Information supplied START
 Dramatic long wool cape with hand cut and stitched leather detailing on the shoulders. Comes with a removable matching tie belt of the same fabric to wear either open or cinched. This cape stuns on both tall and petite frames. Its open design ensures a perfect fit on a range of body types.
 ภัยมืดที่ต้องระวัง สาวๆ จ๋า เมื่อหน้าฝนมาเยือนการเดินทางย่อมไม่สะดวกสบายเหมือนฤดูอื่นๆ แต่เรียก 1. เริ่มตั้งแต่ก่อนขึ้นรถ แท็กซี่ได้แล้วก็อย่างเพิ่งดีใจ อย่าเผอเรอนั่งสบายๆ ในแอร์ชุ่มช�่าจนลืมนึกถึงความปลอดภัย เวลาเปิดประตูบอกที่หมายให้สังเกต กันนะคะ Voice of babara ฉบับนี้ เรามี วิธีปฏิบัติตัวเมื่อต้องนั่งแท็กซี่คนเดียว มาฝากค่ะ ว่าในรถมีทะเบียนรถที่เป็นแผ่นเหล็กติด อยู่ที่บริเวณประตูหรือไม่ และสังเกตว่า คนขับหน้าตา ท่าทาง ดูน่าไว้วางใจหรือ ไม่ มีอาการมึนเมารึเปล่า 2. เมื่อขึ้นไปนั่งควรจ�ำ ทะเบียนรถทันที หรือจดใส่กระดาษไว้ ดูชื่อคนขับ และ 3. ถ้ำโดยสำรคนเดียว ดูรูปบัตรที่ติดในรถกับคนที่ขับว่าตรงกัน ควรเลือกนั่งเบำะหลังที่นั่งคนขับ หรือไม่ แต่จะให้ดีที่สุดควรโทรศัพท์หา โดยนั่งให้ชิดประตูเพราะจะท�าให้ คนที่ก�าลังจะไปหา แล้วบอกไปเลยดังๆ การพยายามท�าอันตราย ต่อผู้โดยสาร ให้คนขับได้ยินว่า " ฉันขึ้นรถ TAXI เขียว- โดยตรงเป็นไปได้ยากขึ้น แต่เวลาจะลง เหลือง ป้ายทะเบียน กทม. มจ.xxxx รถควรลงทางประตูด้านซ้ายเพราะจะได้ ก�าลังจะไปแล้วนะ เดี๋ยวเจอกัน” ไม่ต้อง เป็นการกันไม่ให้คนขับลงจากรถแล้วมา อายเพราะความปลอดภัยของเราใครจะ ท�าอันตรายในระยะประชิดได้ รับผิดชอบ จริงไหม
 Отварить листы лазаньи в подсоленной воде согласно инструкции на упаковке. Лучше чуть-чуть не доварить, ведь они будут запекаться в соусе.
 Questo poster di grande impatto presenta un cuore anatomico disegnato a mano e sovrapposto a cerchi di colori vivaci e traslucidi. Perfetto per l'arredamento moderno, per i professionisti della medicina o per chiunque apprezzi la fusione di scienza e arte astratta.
Information supplied END
## What to do
From the data above, copy each line exactly.

## Solved problem
 Dramatic long wool cape with hand cut and stitched leather detailing on the shoulders. Comes with a removable matching tie belt of the same fabric to wear either open or cinched. This cape stuns on both tall and petite frames. Its open design ensures a perfect fit on a range of body types.
 ภัยมืดที่ต้องระวัง สาวๆ จ๋า เมื่อหน้าฝนมาเยือนการเดินทางย่อมไม่สะดวกสบายเหมือนฤดูอื่นๆ แต่เรียก 1. เริ่มตั้งแต่ก่อนขึ้นรถ แท็กซี่ได้แล้วก็อย่างเพิ่งดีใจ อย่าเผอเรอนั่งสบายๆ ในแอร์ชุ่มช�่าจนลืมนึกถึงความปลอดภัย เวลาเปิดประตูบอกที่หมายให้สังเกต กันนะคะ Voice of babara ฉบับนี้ เรามี วิธีปฏิบัติตัวเมื่อต้องนั่งแท็กซี่คนเดียว มาฝากค่ะ ว่าในรถมีทะเบียนรถที่เป็นแผ่นเหล็กติด อยู่ที่บริเวณประตูหรือไม่ และสังเกตว่า คนขับหน้าตา ท่าทาง ดูน่าไว้วางใจหรือ ไม่ มีอาการมึนเมารึเปล่า 2. เมื่อขึ้นไปนั่งควรจ�ำ ทะเบียนรถทันที หรือจดใส่กระดาษไว้ ดูชื่อคนขับ และ 3. ถ้ำโดยสำรคนเดียว ดูรูปบัตรที่ติดในรถกับคนที่ขับว่าตรงกัน ควรเลือกนั่งเบำะหลังที่นั่งคนขับ หรือไม่ แต่จะให้ดีที่สุดควรโทรศัพท์หา โดยนั่งให้ชิดประตูเพราะจะท�าให้ คนที่ก�าลังจะไปหา แล้วบอกไปเลยดังๆ การพยายามท�าอันตราย ต่อผู้โดยสาร ให้คนขับได้ยินว่า " ฉันขึ้นรถ TAXI เขียว- โดยตรงเป็นไปได้ยากขึ้น แต่เวลาจะลง เหลือง ป้ายทะเบียน กทม. มจ.xxxx รถควรลงทางประตูด้านซ้ายเพราะจะได้ ก�าลังจะไปแล้วนะ เดี๋ยวเจอกัน” ไม่ต้อง เป็นการกันไม่ให้คนขับลงจากรถแล้วมา อายเพราะความปลอดภัยของเราใครจะ ท�าอันตรายในระยะประชิดได้ รับผิดชอบ จริงไหม
 Отварить листы лазаньи в подсоленной воде согласно инструкции на упаковке. Лучше чуть-чуть не доварить, ведь они будут запекаться в соусе.
 Questo poster di grande impatto presenta un cuore anatomico disegnato a mano e sovrapposto a cerchi di colori vivaci e traslucidi. Perfetto per l'arredamento moderno, per i professionisti della medicina o per chiunque apprezzi la fusione di scienza e arte astratta.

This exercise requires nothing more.